BECK: OK. Help me with this, Art, because I see that the — like in Connecticut, they have retroactive taxes that they are talking about now, going after people retroactively.
BECK: You have already paid taxes on things and they're going to go back in time and say, "Yes, you need to cough up some more money."
BECK: You have the cigarette tax, which I actually heard somebody on FOX this morning, some woman was on defending it and saying, "Well, people are going to start — they're going to just stop smoking and that's good." No, because that's how you financed SCHIP.
BECK: I mean, people don't understand. Obama may say he's not going to raise taxes but he's raising taxes everywhere. Before you even get to the federal government, your taxes have been raised.
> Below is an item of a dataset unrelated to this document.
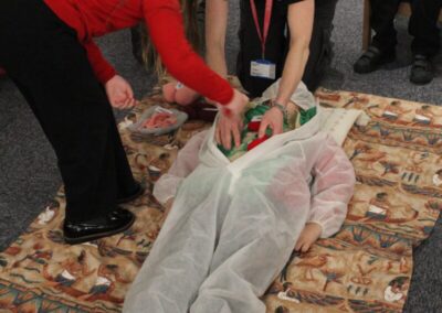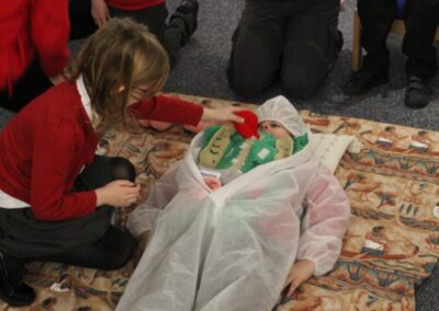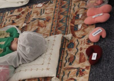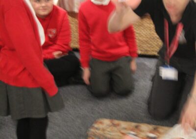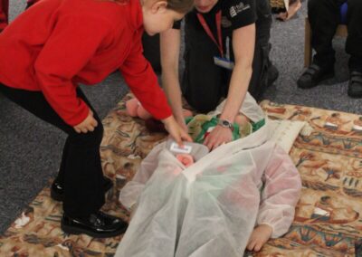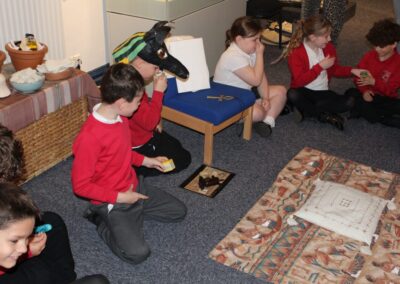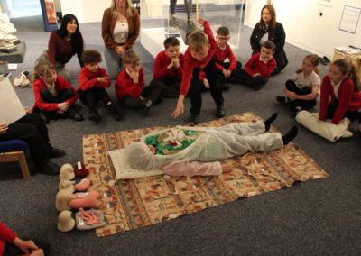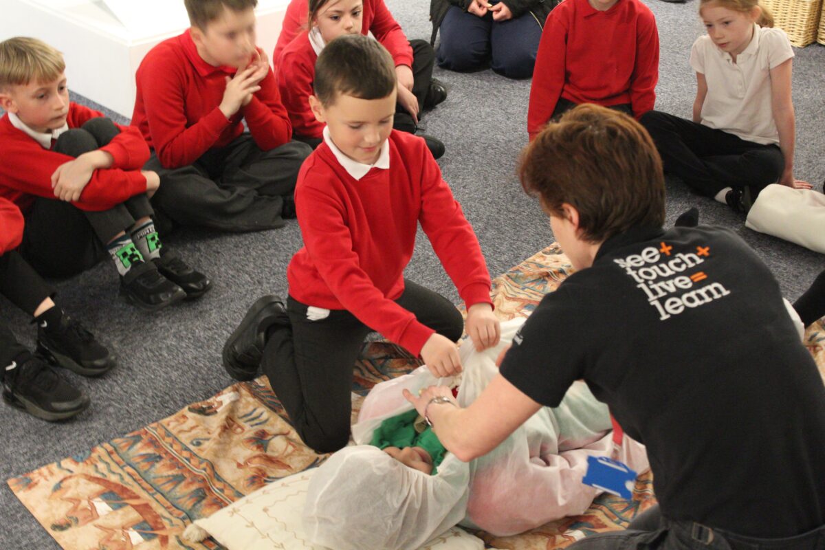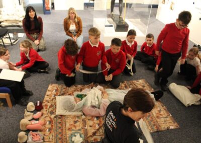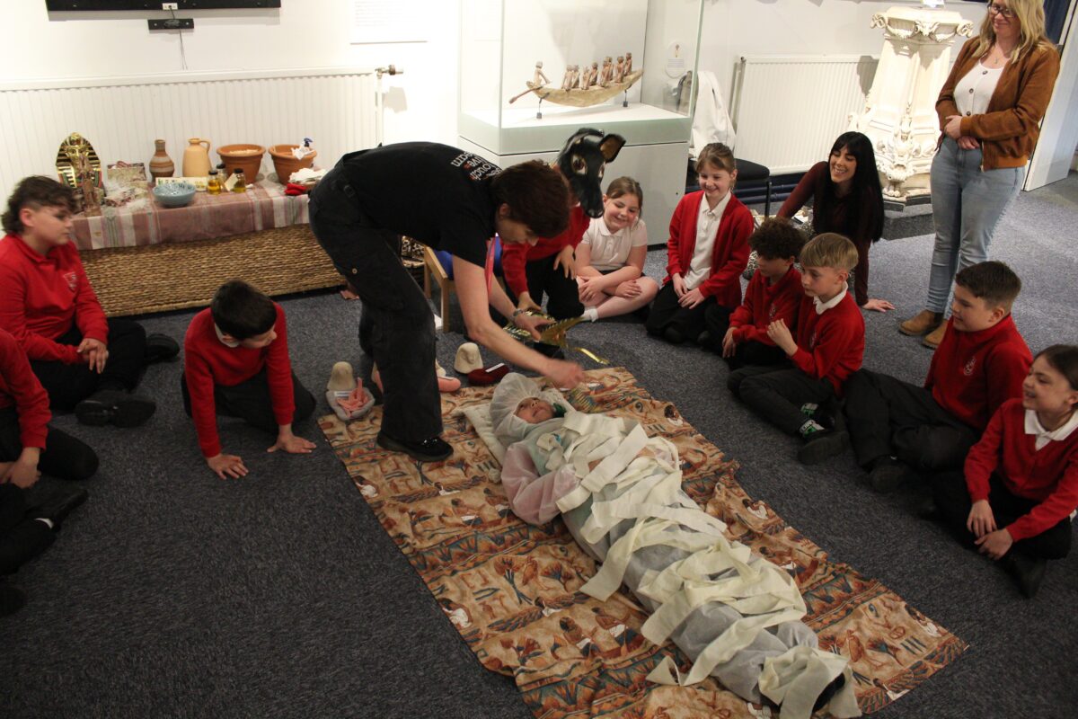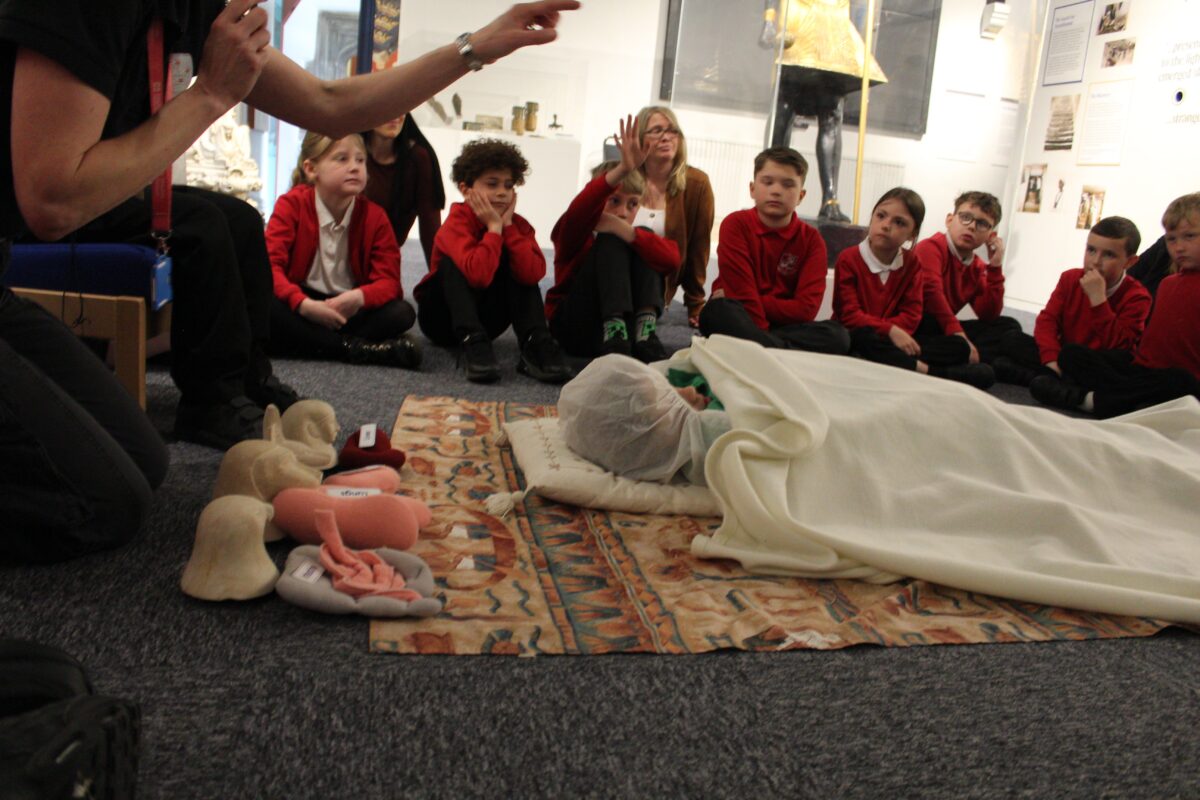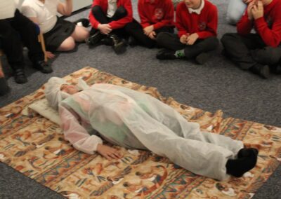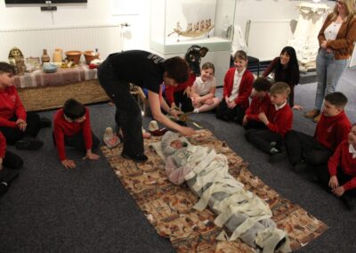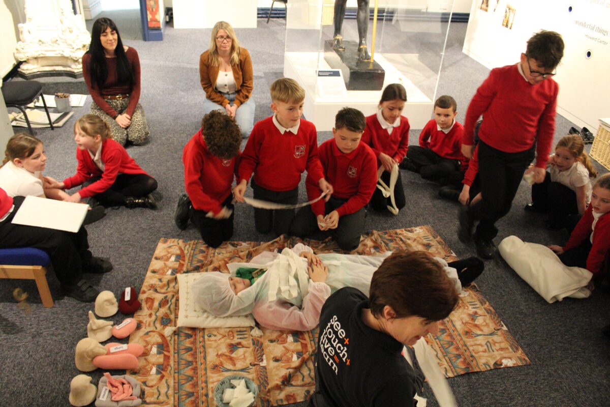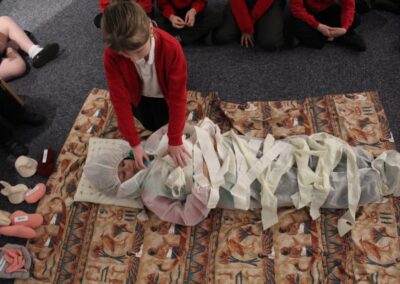 At the Hands on History museum, we experienced the wonders of the artefacts that the archaeologist, Howard Carter, and his team saw when they discovered the tomb of Tutankhamun, handled real and replica Egyptian artefacts and learnt about the real mummy displayed in the museum.  After we had great fun mummifying one of our friends and learning about mummification with the museum staff.

LAFFER: Let me just do the one on the cigarette tax. If you raise cigarette taxes, as they say, the wonderful side effect is that people will stop smoking. But now, what you're going to do is raise taxes on employment, income, production — do they say the same things? Are they glad that income will be down, income will be down, production will be down? It will have the same deleterious effects.
That is the essence, Glenn, of supply-side economics. These guys, you can't raise taxes on the last three people working. It makes no sense whatsoever. And when you do raise taxes, if you collected money, all you're doing is balancing the government's budget by unbalancing the citizens' budgets.
BECK: So, when these people are going to the tax Tea Party and I've said that there's — the taxes...
LAFFER: Congratulations, by the way.
BECK: What? I'm just attending. The tax Tea Party, you know, the media doesn't understand that the taxes aren't there yet. Oh, they're like, oh, these taxes aren't bad. When does this really start to hit, Art? When do — when do people really wake up?
LAFFER: It's starting to hit right now. As you can see in California, your friend — and by the way, I'm very glad he's OK.
BECK: He is.
LAFFER: But it started happening in California with the overspending, the unfunded liabilities. You're already seeing some of the cities and some of the districts in California threaten bankruptcy. I mean, you see that all over the nation. You're seeing some of the government bonds, some of the corporate bonds having problems.
I mean, in 1837, we had all of the states' principles bankrupt in the United States with the canal bonds.
You know, it really does happen and it can happen. And just because we're 100-some years later doesn't mean that it can't happen to us, it can.
BECK: All right. Thank you very much, Art. I appreciate it.